An Outstretched Hand 13 years-ago this month I arrived at LAX where my best partner in crime had agreed to scoop me, drive me up…

the cost of rehab

An Outstretched Hand

13 years-ago this month I arrived at LAX where my best partner in crime had agreed to scoop me, drive me up the coast and deposit me at a drug and alcohol rehab center.  Before leaving we swung by his house for provisions.  Like I said, he’s THE BEST partner in crime.  That day I’d hit the jackpot because Michelle, his older sister, was visiting.  Michelle was an icon of my childhood and adolescence.  She’s several years older than us, but those years might as well have been decades. She lived on a different stratosphere than we did; mature, exotic, Hollywood, inaccessible. She was my Marlene Dietrich. She was also 12 years clean and sober. Let’s talk a bit about my experience and also about the cost of rehab (financially and emotionally).

“So, you’re off to rehab huh Tony?  ‘Bout time!  What’s that gonna cost ya?”

“$12,800!” Chest puffed out, trying dreadfully to impress her with my access to cash…that wasn’t mine.

She responded, “Pay me half that, stay on my couch for 28 days. I’ll teach you everything you need to know.”

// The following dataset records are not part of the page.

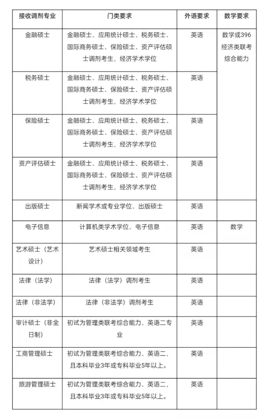 調(diào)劑考生符合報考專業(yè)的報考條件,已達(dá)我校復(fù)試資格線。調(diào)入專業(yè)與第一志愿報考專業(yè)相同或相近,初試科目與調(diào)入專業(yè)初試科目相同或相近,其中統(tǒng)考科目原則上應(yīng)相同。原則上第一志愿報考專業(yè)學(xué)位專業(yè)的考生不能調(diào)劑到學(xué)術(shù)學(xué)位專業(yè)。我校具體調(diào)劑接收專業(yè)請登錄研招網(wǎng)查看。
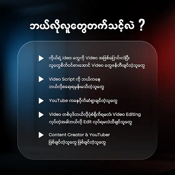 အထူးသဖြင့် Content Creator လုပ်ချင်တဲ့သူတွေနဲ့
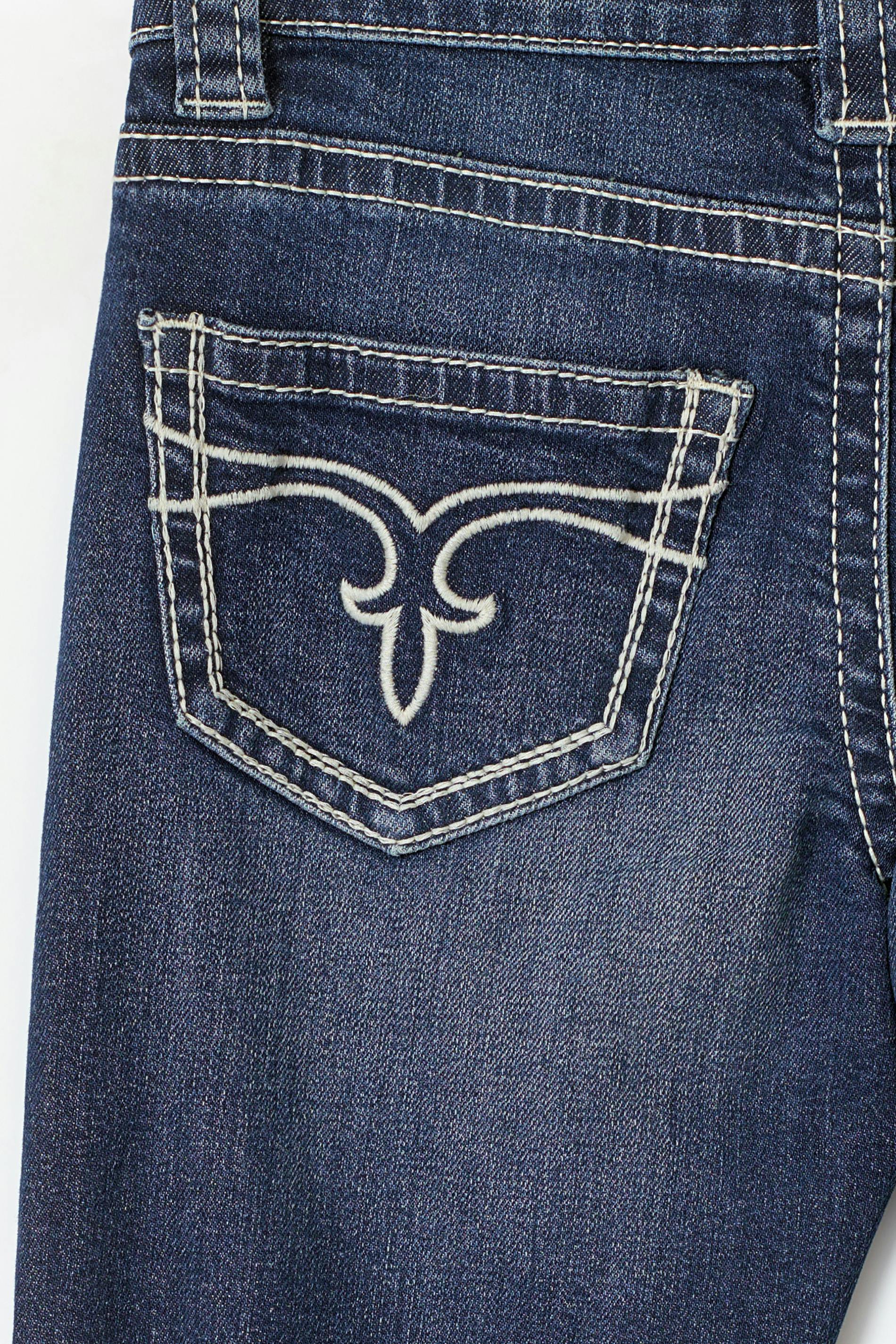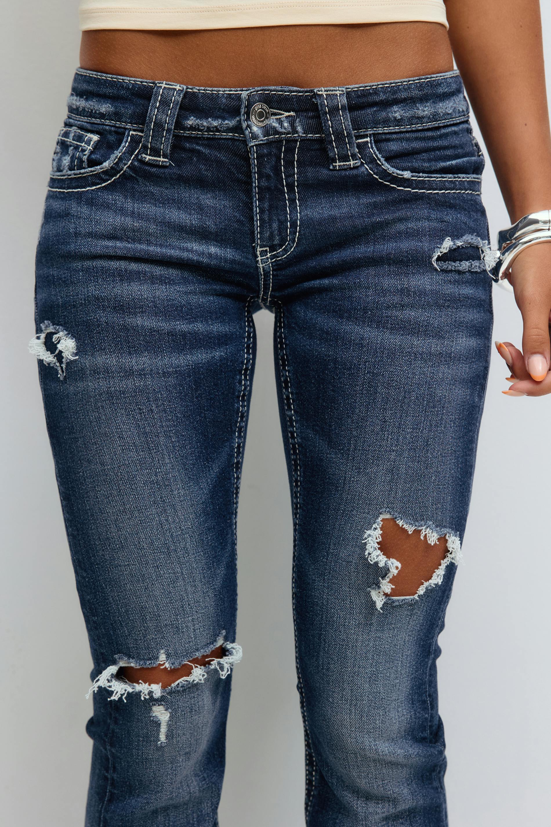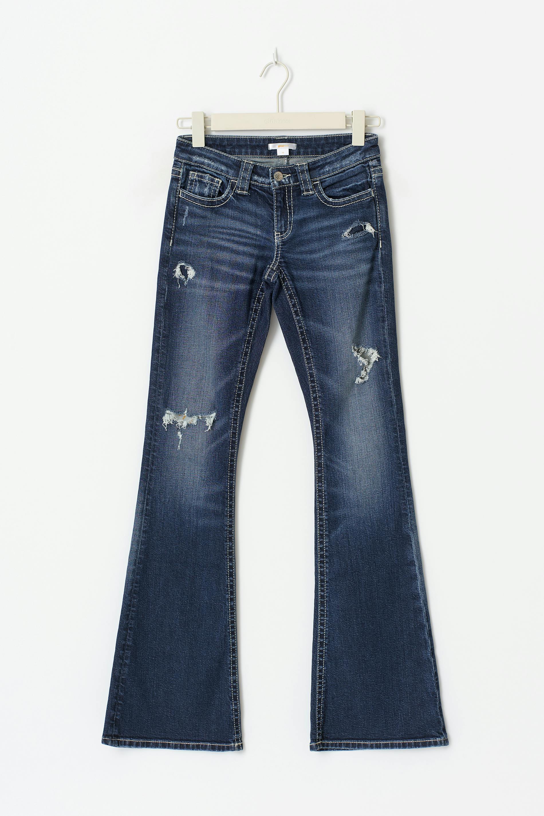 Low waist jeans med utsvängda ben. Jeansen har bakfickor med ett broderi. De har en normallängd, en dragkedjegylf och en knapp på framsidan.

It Took a Village – The cost of Rehab to me

Certainly 28 days on Michelle’s couch would have exposed me to abstinence.  She undoubtedly would have had me reading the Big Book, attending meetings, praying and who knows, maybe I’d have gotten it.

But something happens to me every year around my anniversary.  I retrace my path to recovery and it always, always starts with Laura, David, Cris, Matthew, Linda, Taylor, Joanne, Breanna, Jennifer, and Sammy just to name a few.  The other “broken toys” I attended rehab with.  The handful of tiny, yet infinitely meaningful connections I made with other human beings during those 28 days that provided the initial ingredients to the recipe that produced the life I live today.

What did those connections do to that version of me?  They held up a mirror for me to gain a more accurate perspective of myself.  They ripped through my delusional denial and helped me see what works and more importantly, what doesn’t work for me.  They made me laugh uncontrollably and cry, finally really cry.  They asked me to be honest and more importantly told me when I wasn’t.  They held me accountable for the things I said I would do.  They helped me see my truth.

It was like 28 days of bumper cars.

room mate group

On day 3 I was released from detox and given a room for 2.  Having a roommate was required.  I was assigned a skinny, inner city kid who prostituted himself as my roommate.  My overblown sense of self-importance was intrigued by the selection.  “What were they thinking putting me in here with this kid?” ricocheted around in my head, along with several other less than flattering versions of that statement.

That night, as we both lie awake in the sweltering July heat, we had the first of many late-night conversations.

“Tony, do you know how to pray?”

“Yup”

“Will you show me?”

That night and for the next 20 + nights, that young man and I got on our knees and prayed together.  He told me it helped him feel safe and sleep better.  I believe it did more for me.

A Bonding Problem – The cost of Rehab to others

While Michelle’s offer was noble in nature, what she couldn’t provide or replicate in her apartment was the bonding that took place in that old abandoned whore house in Northern California.  More so than the counselors, life coaches, psychologists and other specialists on the staff, I bonded with those beautiful, broken souls.  I got over myself – learning alongside them.

Over the next 5 years I took what I learned through those initial bonding experiences to the rooms of NA and began the next phase of learning to connect with the addicts and alcoholics where I lived.  Through the help of Shane, Roger, Mike, Dino, Laine, Val, Jeff, Omar, Mario and hundreds of others, we, together overcame our bonding issues.  Night after night they helped me see what was wrong with my approach to life and relationships with other people.  They helped me define what I wanted with my life and more importantly and frankly more often, what I didn’t want with my life.

No one person could have done that for me.  It was the collective; a million different interactions and conversations   It was more of them than me.  They were a power greater than me shinning a light down into my cellar, offering me a hand-out.

Using the 12-step program as a platform for life, not a lifeline.

Somewhere along the line the 12 Steps stopped being about drugs and alcohol.  Thankfully, staying clean had become relatively easy. Connecting with addicts seeking recovery became easier.  My challenges became and remain today; how do I recognize, cultivate and deepen the connections that are of value to me? How do I continue to broaden the number of connections I have to the outside world? How successfully do I relate to and bond with others? Am I capable of being in a loving, intimate relationship?

Today marriage and fatherhood challenge my “connection issues” in every way imaginable.  Nurturing those fragile relationships most days takes a skill set beyond my capacities.  I fail often.  I work to foster the handful of incredible, decades-long friendships I have with men in my life who challenge me to be a better version of myself.  I seek to deepen the quality of the culture in the places I work and play and sometimes, 13 years later, I still have to force myself to say ‘yes’ to a simple invite to coffee and conversation.

Do the think the cost of rehab was worth it?